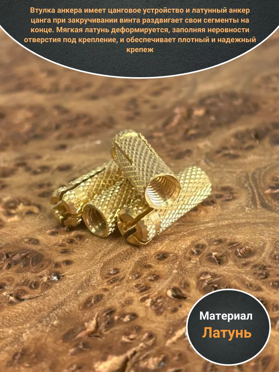 Латунные анкера предназначены для установки в стенах из прочных и твердых материалов. Крепление осуществляется винтом, который в комплект крепежа не входит. Ассортимент выпускаемых анкеров предусматривает использование винтов от М6 до М16. Втулка анкера имеет цанговое устройство и латунный анкер цанга при закручивании винта раздвигает свои сегменты на конце. Мягкая латунь деформируется, заполняя неровности отверстия под крепление, и обеспечивает плотный и надежный крепеж.
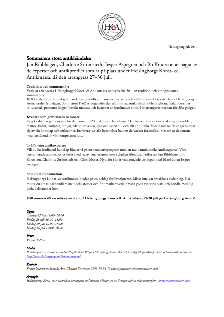 Helsingborgs Konst- & Antikmässa - Pressinbjudan
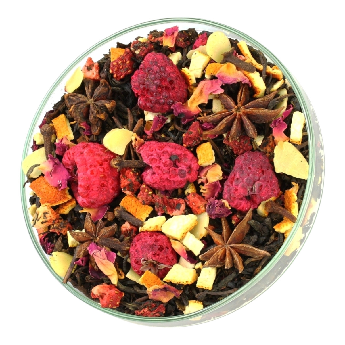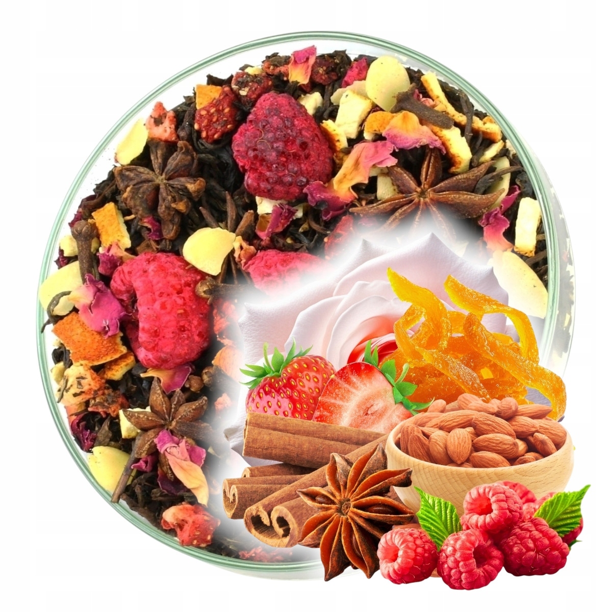 Состав: Чай черный, анис, цедра апельсина, МИНДАЛЬ, гвоздика, корица, лепестки розы, клубника сублимированная, малина, ароматизатор.
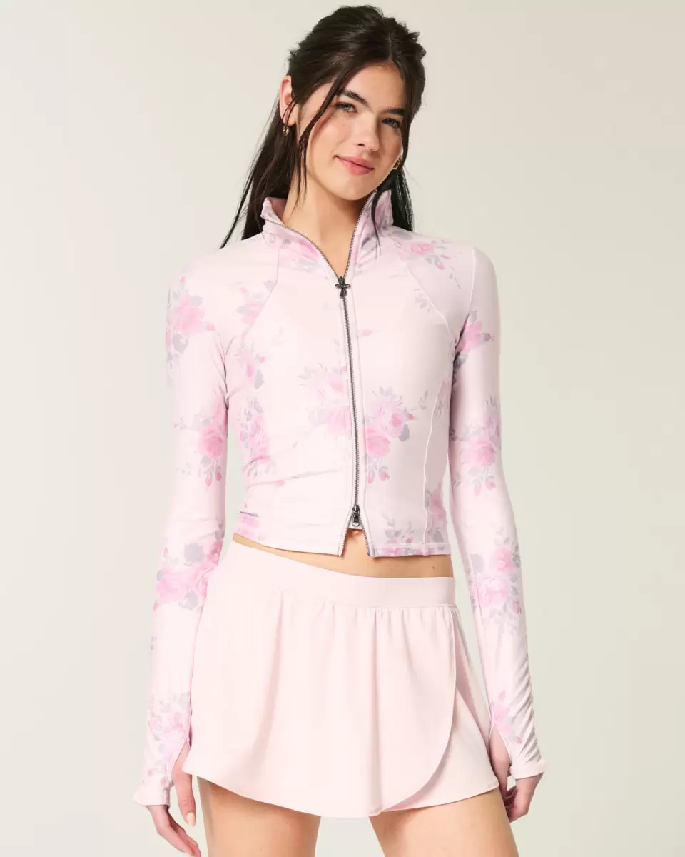 Designat i vårt andningsbara, 4-vägs stretch, fukttransporterande Recharge-tyg med en supermjuk, borstad känsla. Dubbla dragkedja, fickor fram, långa ärmar med rynkade detaljer och tumöppningar. Slim Fit. Importerad.
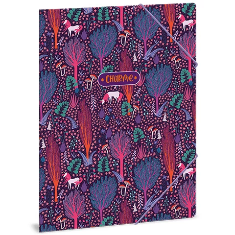 A Charme dosszié első sorban a lányoknak fogja elnyerni a tetszését, hiszen a külső mintát egy varázslatos erdő adja, benne hófehér unikornisokkal. Ezek a mesebeli lények, és a mappa vidám színei még a legunalmasabb iskolai napot is képesek egy kicsit vidámabbá varázsolni. A dosszié az A/4-es méretének köszönhetően minden elterjedt lapmérethez kiválóan használható, a fedlapja egy gumis madzaggal könnyedén fixálható, így biztosak lehetünk abban, hogy a benne elhelyezett lapok és dokumentumok nem fognak összegyűrődni illetve elkallódni.
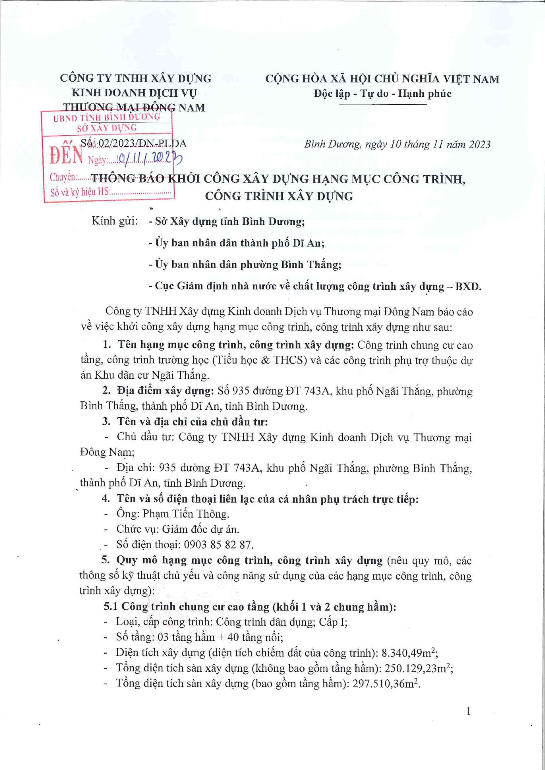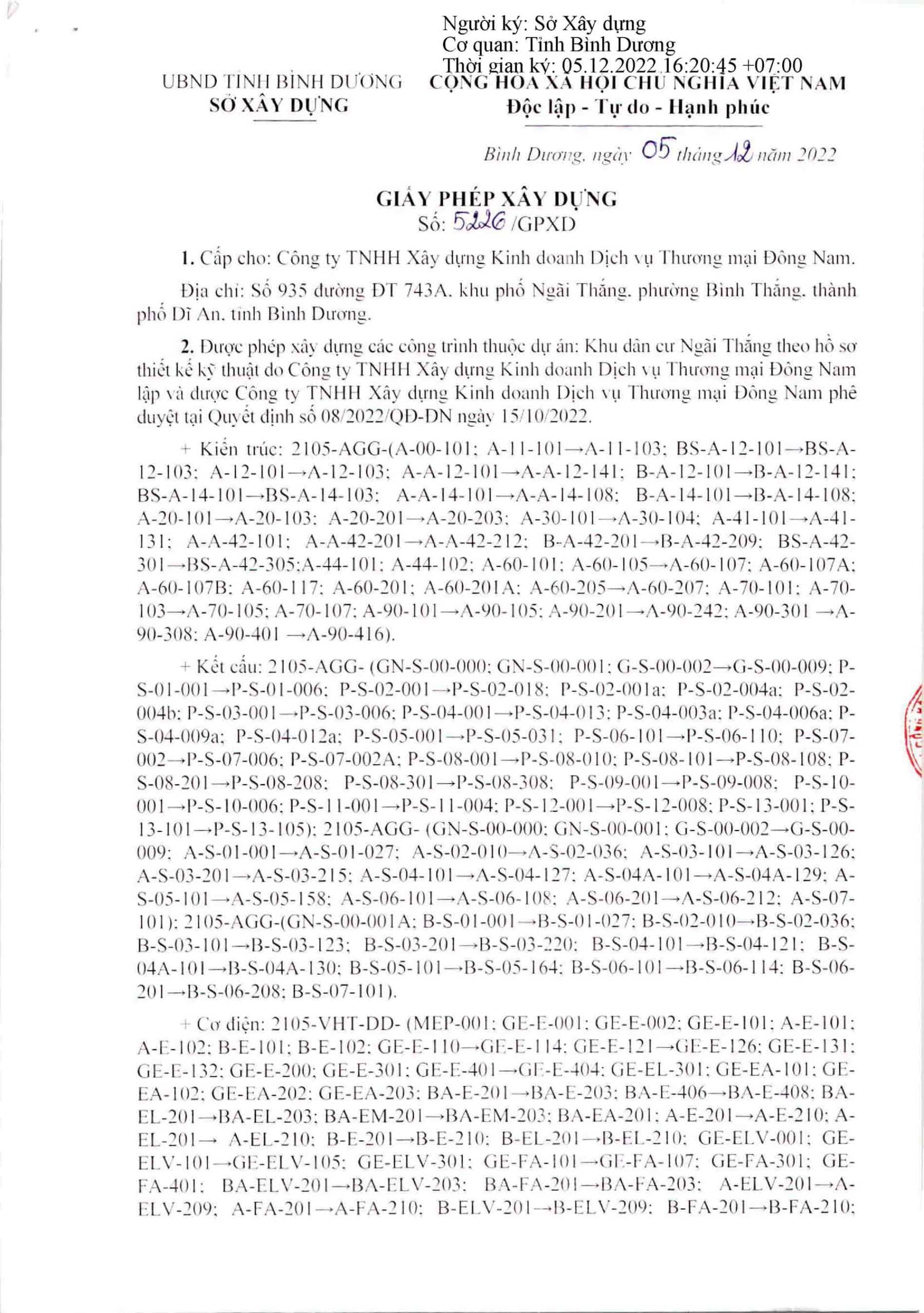 - Giấy phép xây dựng: Dự án được cấp Giấy phép xây dựng số 5226/GPXD vào ngày 05/12/2022 bởi cơ quan có thẩm quyền tại tỉnh Bình Dương. Giấy phép này cho phép xây dựng khu phức hợp với 2 tòa tháp cao 40 tầng nổi và 3 tầng hầm.
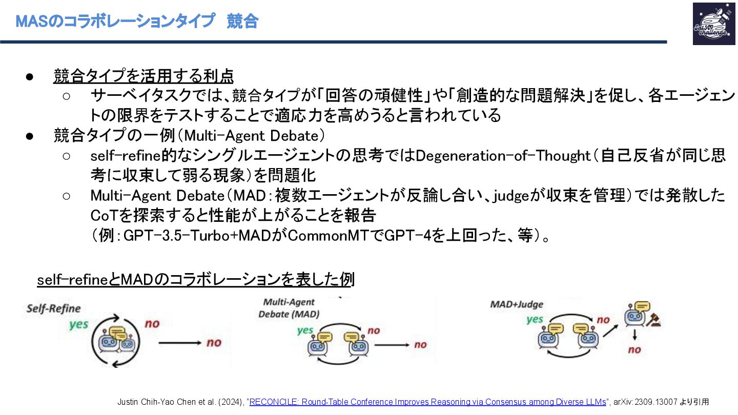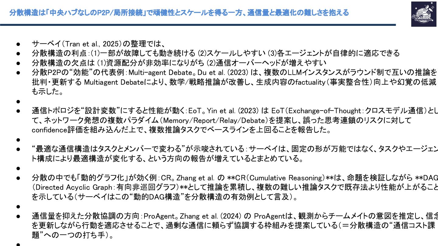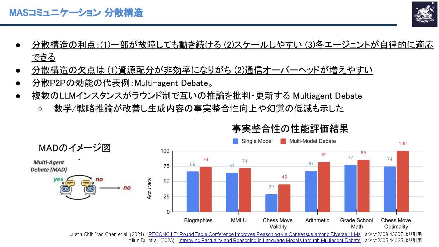 (1)資源配分が非効率になりがち (2)通信オーバーヘッドが増えやすい • 分散P2Pの効能の代表例:Multi-agent Debate。 • 複数のLLMインスタンスがラウンド制で互いの推論を批判・更新する Multiagent Debate ◦ 数学/戦略推論が改善し生成内容の事実整合性向上や幻覚の低減も示した Justin Chih-Yao Chen et al. (2024), “RECONCILE: Round-Table Conference Improves Reasoning via Consensus among Diverse LLMs”, arXiv:2309.13007 より引用 Yilun Du et al. (2023), “Improving Factuality and Reasoning in Language Models through Multiagent Debate”, arXiv:2305.14325 より引用 MADのイメージ図 事実整合性の性能評価結果
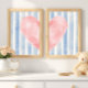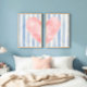 Elevate your space with these unique wall prints with a pink heart split in half against blue watercolor stripes. Perfect for infusing your preppy apartment, girl's bedroom or college dorm room with a fun girly vibes. This one-of-a-kind decor piece is a must-have for those seeking to add a pretty ambiance to their girly wall art collection.
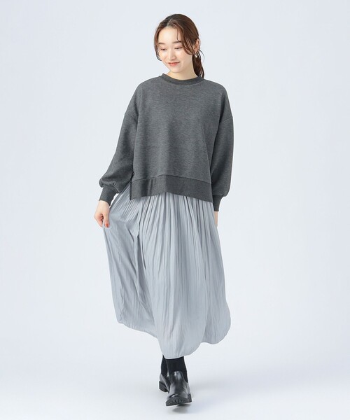 こなれた洒落感のあるコーディネートが即完成するプルオーバーとスカートのセットアイテム。プルオーバーは軽くて暖かく、ハリのあるシルエットが魅力でシンプルながらも上品な印象を与えます。程よい光沢感のあるフレアスカートは動くたびに美しく揺れ、華やかさを演出。ウエストはゴム仕様なので、着心地も抜群です。
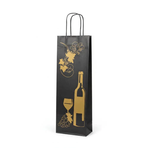 Elegante e resistente, a Sacola Kraft Preta Vinho Fino é a escolha perfeita para presentear ou transportar garrafas de vinho com sofisticação. Produzida em papel kraft de alta qualidade, ela possui acabamento na cor preta e um delicado desenho dourado que traz um toque de charme e requinte.
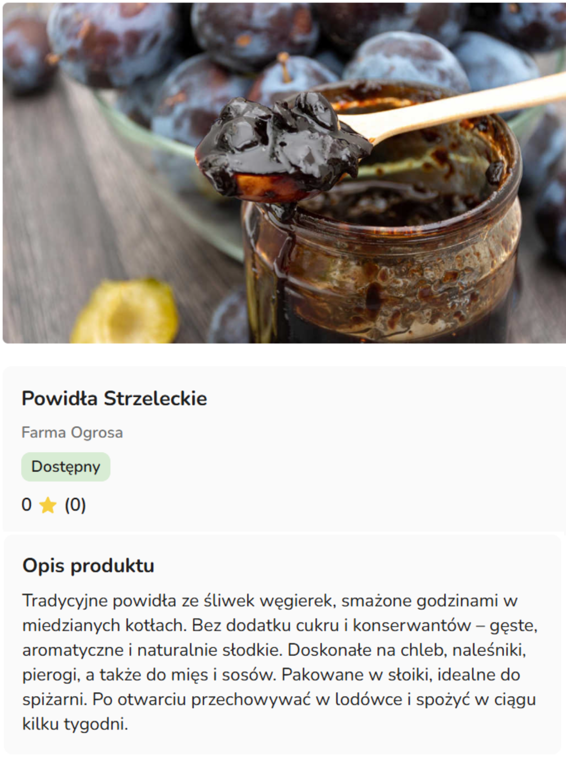 Warto też zadbać o opis samego gospodarstwa. Badania pokazują, że klienci dużo chętniej kupują produkty, co do których pochodzenia są pewne, wiedzą skąd one się wzięły, kto je wyprodukował, więc warto zadbać o to, żeby prezentować nie tylko ten produkt, ale też gospodarstwo. Warto odbiorcy pokazać, kim jest producent, gdzie działa, ale też opowiedzieć trochę o tym, co go wyróżnia, czy uprawia jakieś specjalne gatunki, odmiany. W przypadku przetwarzanych produktów warto też pokazać sposób obróbki warzyw, przetwórstwa, pakowania.
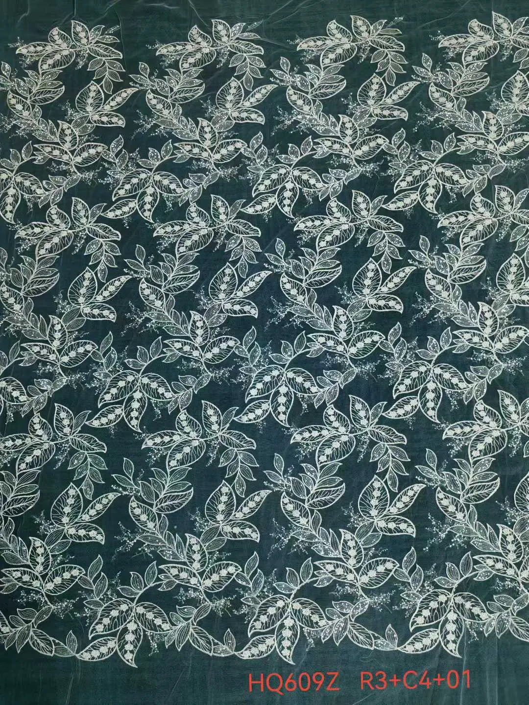 Sequinned Corded Botanical Leaf Embroidered Mesh Lace
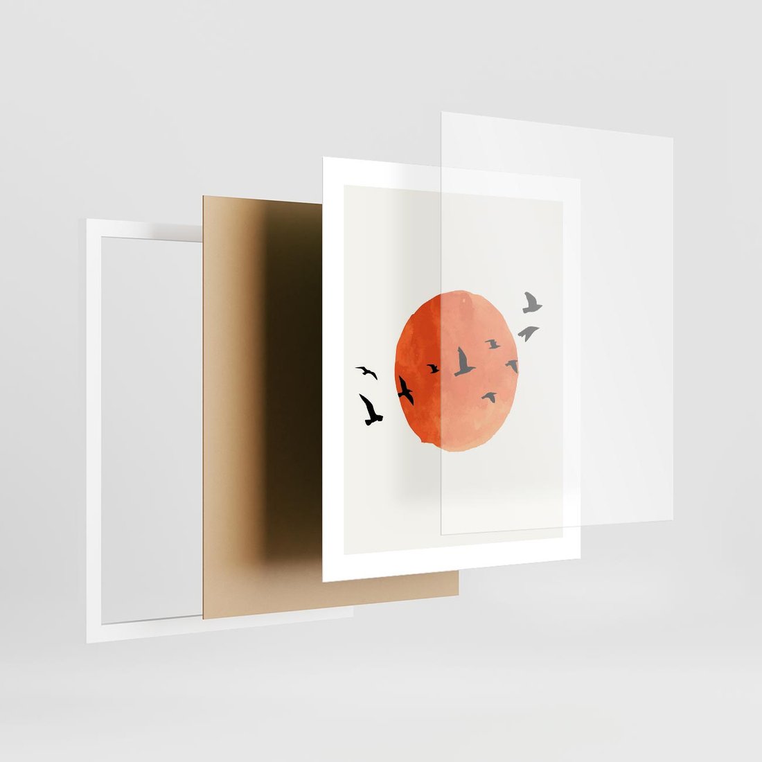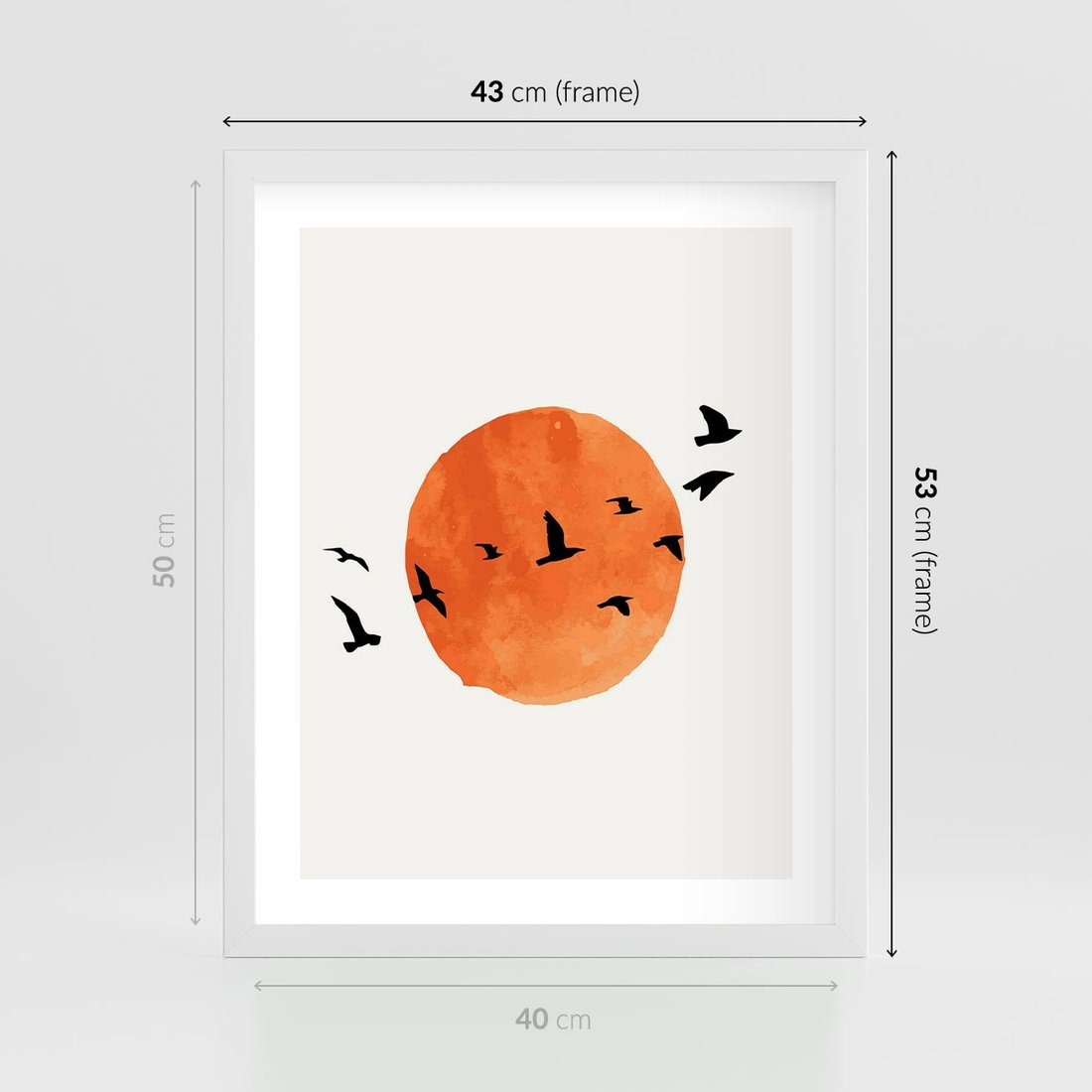 - Plakat w ramie 40x50 - Zachód Słońca i Ptaki
********************
## Requirement
Transcribe the records above verbatim. Do not carry over any picture.

## The completed task
 Латунные анкера предназначены для установки в стенах из прочных и твердых материалов. Крепление осуществляется винтом, который в комплект крепежа не входит. Ассортимент выпускаемых анкеров предусматривает использование винтов от М6 до М16. Втулка анкера имеет цанговое устройство и латунный анкер цанга при закручивании винта раздвигает свои сегменты на конце. Мягкая латунь деформируется, заполняя неровности отверстия под крепление, и обеспечивает плотный и надежный крепеж.
 Helsingborgs Konst- & Antikmässa - Pressinbjudan
 Состав: Чай черный, анис, цедра апельсина, МИНДАЛЬ, гвоздика, корица, лепестки розы, клубника сублимированная, малина, ароматизатор.
 Designat i vårt andningsbara, 4-vägs stretch, fukttransporterande Recharge-tyg med en supermjuk, borstad känsla. Dubbla dragkedja, fickor fram, långa ärmar med rynkade detaljer och tumöppningar. Slim Fit. Importerad.
 A Charme dosszié első sorban a lányoknak fogja elnyerni a tetszését, hiszen a külső mintát egy varázslatos erdő adja, benne hófehér unikornisokkal. Ezek a mesebeli lények, és a mappa vidám színei még a legunalmasabb iskolai napot is képesek egy kicsit vidámabbá varázsolni. A dosszié az A/4-es méretének köszönhetően minden elterjedt lapmérethez kiválóan használható, a fedlapja egy gumis madzaggal könnyedén fixálható, így biztosak lehetünk abban, hogy a benne elhelyezett lapok és dokumentumok nem fognak összegyűrődni illetve elkallódni.
 - Giấy phép xây dựng: Dự án được cấp Giấy phép xây dựng số 5226/GPXD vào ngày 05/12/2022 bởi cơ quan có thẩm quyền tại tỉnh Bình Dương. Giấy phép này cho phép xây dựng khu phức hợp với 2 tòa tháp cao 40 tầng nổi và 3 tầng hầm.
 (1)資源配分が非効率になりがち (2)通信オーバーヘッドが増えやすい • 分散P2Pの効能の代表例:Multi-agent Debate。 • 複数のLLMインスタンスがラウンド制で互いの推論を批判・更新する Multiagent Debate ◦ 数学/戦略推論が改善し生成内容の事実整合性向上や幻覚の低減も示した Justin Chih-Yao Chen et al. (2024), “RECONCILE: Round-Table Conference Improves Reasoning via Consensus among Diverse LLMs”, arXiv:2309.13007 より引用 Yilun Du et al. (2023), “Improving Factuality and Reasoning in Language Models through Multiagent Debate”, arXiv:2305.14325 より引用 MADのイメージ図 事実整合性の性能評価結果
 Elevate your space with these unique wall prints with a pink heart split in half against blue watercolor stripes. Perfect for infusing your preppy apartment, girl's bedroom or college dorm room with a fun girly vibes. This one-of-a-kind decor piece is a must-have for those seeking to add a pretty ambiance to their girly wall art collection.
 こなれた洒落感のあるコーディネートが即完成するプルオーバーとスカートのセットアイテム。プルオーバーは軽くて暖かく、ハリのあるシルエットが魅力でシンプルながらも上品な印象を与えます。程よい光沢感のあるフレアスカートは動くたびに美しく揺れ、華やかさを演出。ウエストはゴム仕様なので、着心地も抜群です。
 Elegante e resistente, a Sacola Kraft Preta Vinho Fino é a escolha perfeita para presentear ou transportar garrafas de vinho com sofisticação. Produzida em papel kraft de alta qualidade, ela possui acabamento na cor preta e um delicado desenho dourado que traz um toque de charme e requinte.
 Warto też zadbać o opis samego gospodarstwa. Badania pokazują, że klienci dużo chętniej kupują produkty, co do których pochodzenia są pewne, wiedzą skąd one się wzięły, kto je wyprodukował, więc warto zadbać o to, żeby prezentować nie tylko ten produkt, ale też gospodarstwo. Warto odbiorcy pokazać, kim jest producent, gdzie działa, ale też opowiedzieć trochę o tym, co go wyróżnia, czy uprawia jakieś specjalne gatunki, odmiany. W przypadku przetwarzanych produktów warto też pokazać sposób obróbki warzyw, przetwórstwa, pakowania.
 Sequinned Corded Botanical Leaf Embroidered Mesh Lace
 - Plakat w ramie 40x50 - Zachód Słońca i Ptaki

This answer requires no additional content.